Dataset records:
= = = = = = =
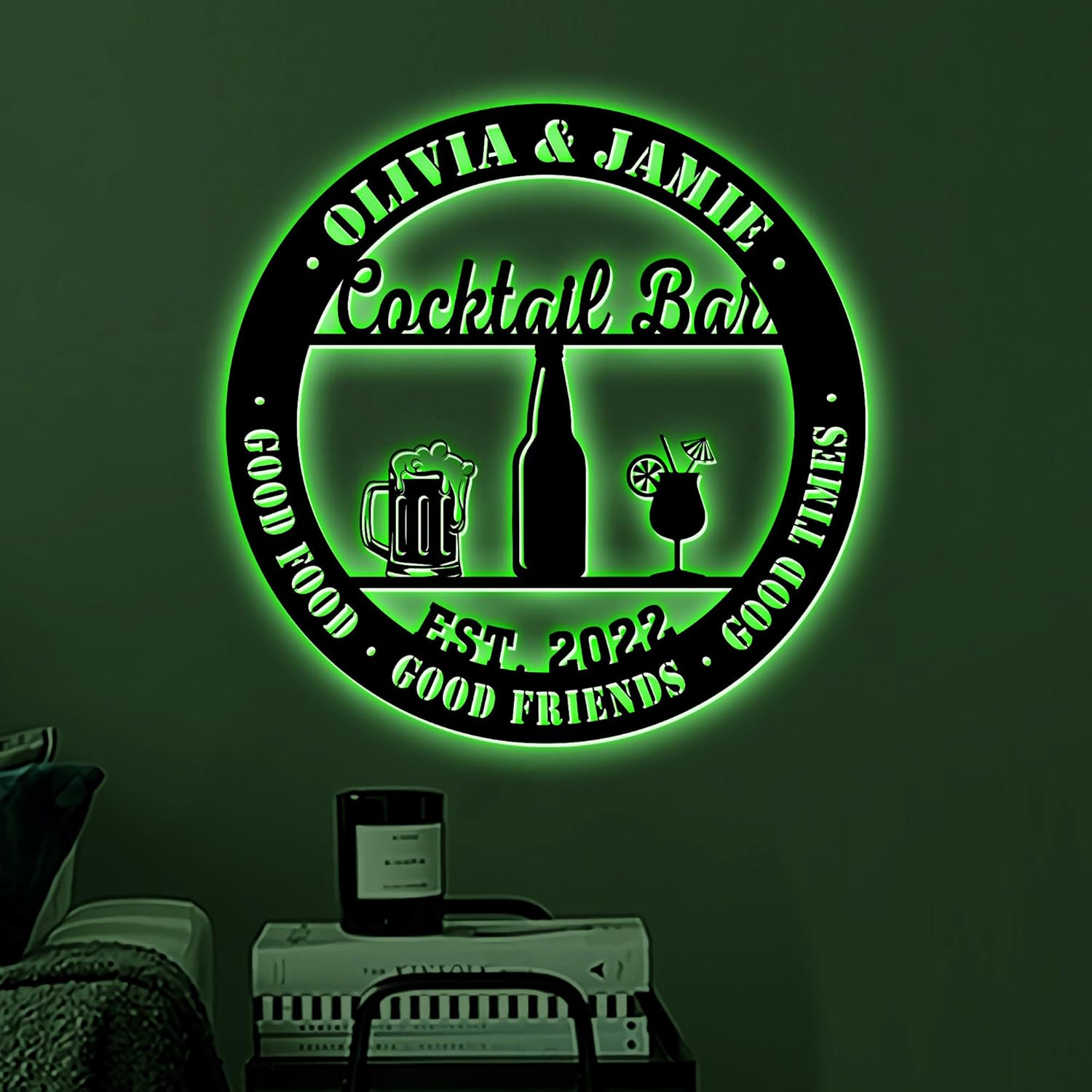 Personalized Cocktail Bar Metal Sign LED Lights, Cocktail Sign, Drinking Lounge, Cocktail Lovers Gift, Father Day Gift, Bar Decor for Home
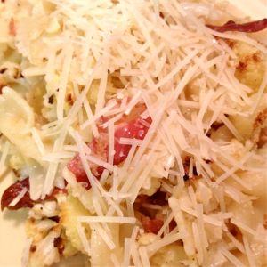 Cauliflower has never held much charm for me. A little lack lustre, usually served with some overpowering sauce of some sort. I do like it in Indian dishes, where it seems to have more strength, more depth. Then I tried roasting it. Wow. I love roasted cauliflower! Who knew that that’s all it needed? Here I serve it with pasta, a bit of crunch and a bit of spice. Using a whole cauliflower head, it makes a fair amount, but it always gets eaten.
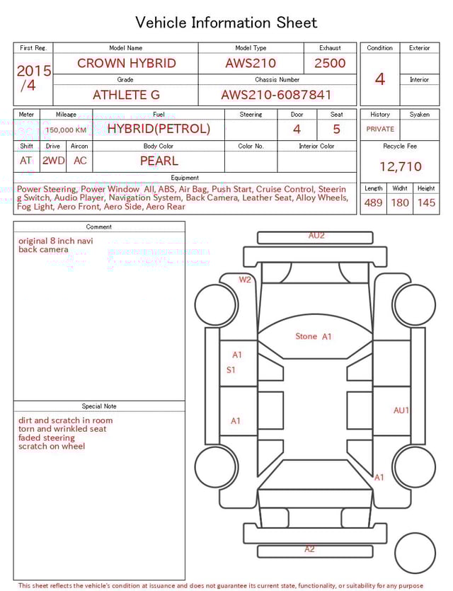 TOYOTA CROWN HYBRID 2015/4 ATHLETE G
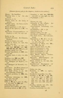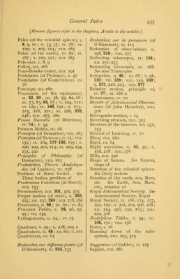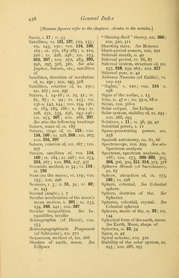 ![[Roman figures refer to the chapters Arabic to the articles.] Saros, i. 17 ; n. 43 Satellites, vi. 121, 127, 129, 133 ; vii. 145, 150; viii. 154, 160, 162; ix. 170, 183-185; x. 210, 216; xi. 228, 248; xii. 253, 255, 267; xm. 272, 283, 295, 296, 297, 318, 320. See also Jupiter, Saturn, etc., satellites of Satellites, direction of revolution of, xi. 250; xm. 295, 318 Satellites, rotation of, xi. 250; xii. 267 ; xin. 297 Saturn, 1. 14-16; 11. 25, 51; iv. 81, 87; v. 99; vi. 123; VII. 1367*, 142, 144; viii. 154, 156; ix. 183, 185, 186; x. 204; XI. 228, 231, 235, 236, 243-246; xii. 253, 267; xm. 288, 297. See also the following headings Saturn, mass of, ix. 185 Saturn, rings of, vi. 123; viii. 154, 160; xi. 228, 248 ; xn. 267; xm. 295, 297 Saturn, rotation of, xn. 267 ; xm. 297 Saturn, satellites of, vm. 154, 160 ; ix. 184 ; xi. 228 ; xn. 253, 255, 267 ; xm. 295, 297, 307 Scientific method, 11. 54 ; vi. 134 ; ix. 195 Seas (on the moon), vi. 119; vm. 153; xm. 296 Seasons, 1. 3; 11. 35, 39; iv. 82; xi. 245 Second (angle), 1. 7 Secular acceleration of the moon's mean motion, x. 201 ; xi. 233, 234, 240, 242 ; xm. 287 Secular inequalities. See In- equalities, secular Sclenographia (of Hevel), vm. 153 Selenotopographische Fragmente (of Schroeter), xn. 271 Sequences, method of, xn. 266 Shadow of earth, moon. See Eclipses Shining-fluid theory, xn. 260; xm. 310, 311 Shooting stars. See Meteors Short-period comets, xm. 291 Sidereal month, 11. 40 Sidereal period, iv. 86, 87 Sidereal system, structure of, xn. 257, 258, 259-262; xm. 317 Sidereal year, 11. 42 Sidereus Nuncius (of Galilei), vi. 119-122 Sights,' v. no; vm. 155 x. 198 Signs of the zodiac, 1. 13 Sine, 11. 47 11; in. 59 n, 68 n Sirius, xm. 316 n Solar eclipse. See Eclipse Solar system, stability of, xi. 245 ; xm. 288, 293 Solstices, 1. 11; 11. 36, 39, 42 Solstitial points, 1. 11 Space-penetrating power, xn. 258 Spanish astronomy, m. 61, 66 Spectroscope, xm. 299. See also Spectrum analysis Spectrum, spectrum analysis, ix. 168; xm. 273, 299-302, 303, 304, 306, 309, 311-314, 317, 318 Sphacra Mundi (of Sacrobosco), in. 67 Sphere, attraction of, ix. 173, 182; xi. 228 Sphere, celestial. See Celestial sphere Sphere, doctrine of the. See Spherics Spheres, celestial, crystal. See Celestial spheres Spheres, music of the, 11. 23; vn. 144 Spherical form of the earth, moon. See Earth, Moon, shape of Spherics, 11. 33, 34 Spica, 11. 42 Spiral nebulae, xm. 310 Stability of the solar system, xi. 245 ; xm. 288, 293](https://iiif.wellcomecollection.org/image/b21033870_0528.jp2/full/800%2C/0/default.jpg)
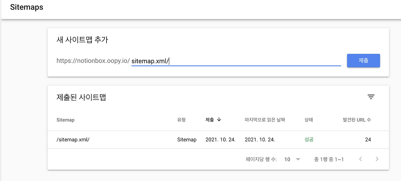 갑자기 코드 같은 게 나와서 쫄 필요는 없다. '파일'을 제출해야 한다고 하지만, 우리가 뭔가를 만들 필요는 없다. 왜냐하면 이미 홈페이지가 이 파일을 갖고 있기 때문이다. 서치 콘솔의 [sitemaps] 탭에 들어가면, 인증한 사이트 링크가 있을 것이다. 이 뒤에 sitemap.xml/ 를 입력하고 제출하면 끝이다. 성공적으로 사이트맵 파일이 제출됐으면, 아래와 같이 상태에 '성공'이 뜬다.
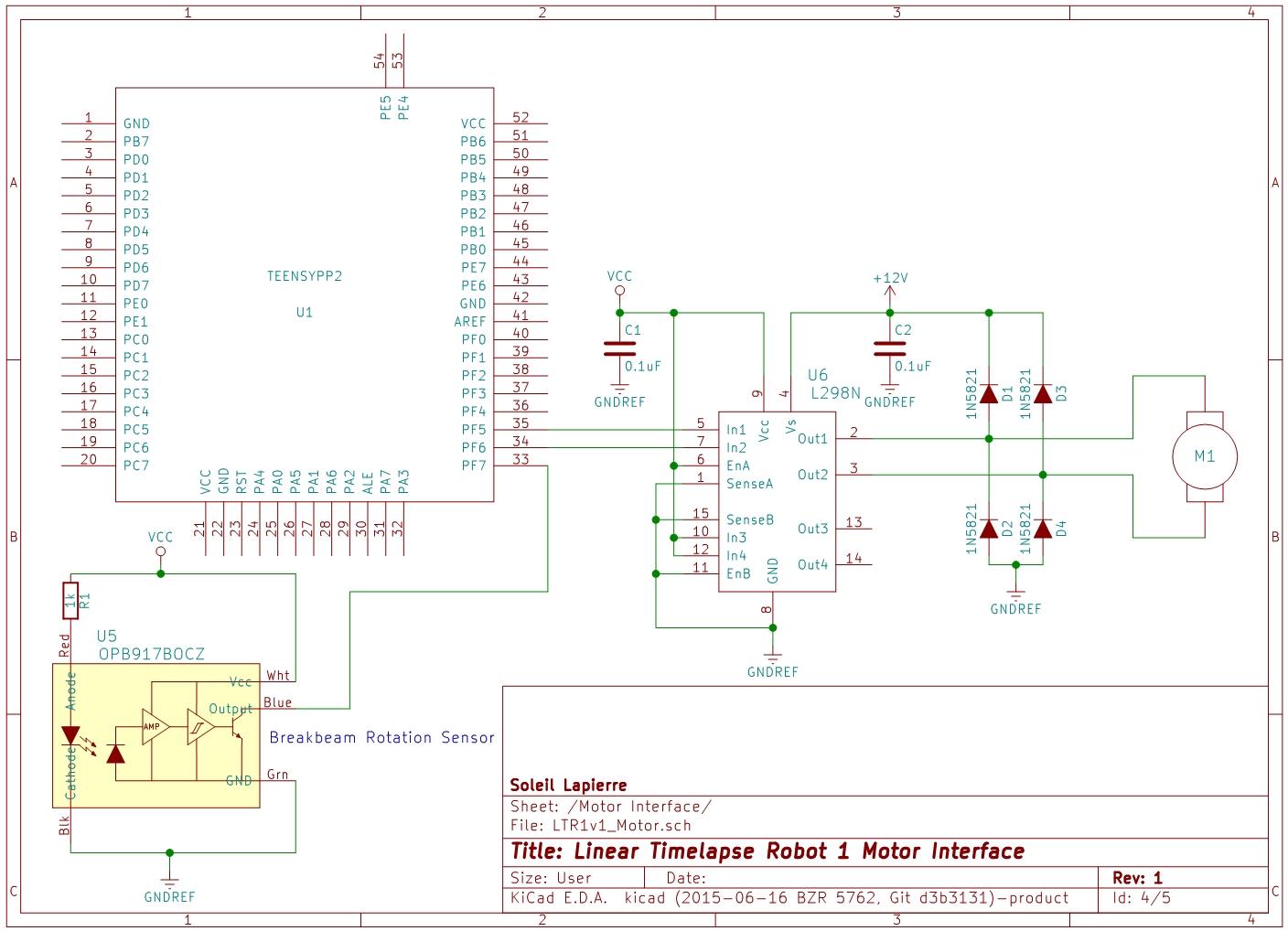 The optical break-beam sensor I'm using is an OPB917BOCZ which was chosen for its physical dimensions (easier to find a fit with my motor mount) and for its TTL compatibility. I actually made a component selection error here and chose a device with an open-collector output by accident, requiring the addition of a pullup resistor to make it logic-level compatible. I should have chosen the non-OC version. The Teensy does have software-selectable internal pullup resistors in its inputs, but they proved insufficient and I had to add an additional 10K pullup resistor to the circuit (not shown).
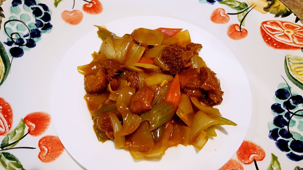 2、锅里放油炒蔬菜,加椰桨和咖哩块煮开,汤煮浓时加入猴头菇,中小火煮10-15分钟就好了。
= = = = = = =
What you have to do: Up to and including the line containing "TOYOTA CROWN HYBRID 2015/4 ATHLETE G", quote each line of the entries above from the very first, please, exactly and without images.

Result:
 Personalized Cocktail Bar Metal Sign LED Lights, Cocktail Sign, Drinking Lounge, Cocktail Lovers Gift, Father Day Gift, Bar Decor for Home
 Cauliflower has never held much charm for me. A little lack lustre, usually served with some overpowering sauce of some sort. I do like it in Indian dishes, where it seems to have more strength, more depth. Then I tried roasting it. Wow. I love roasted cauliflower! Who knew that that’s all it needed? Here I serve it with pasta, a bit of crunch and a bit of spice. Using a whole cauliflower head, it makes a fair amount, but it always gets eaten.
 TOYOTA CROWN HYBRID 2015/4 ATHLETE G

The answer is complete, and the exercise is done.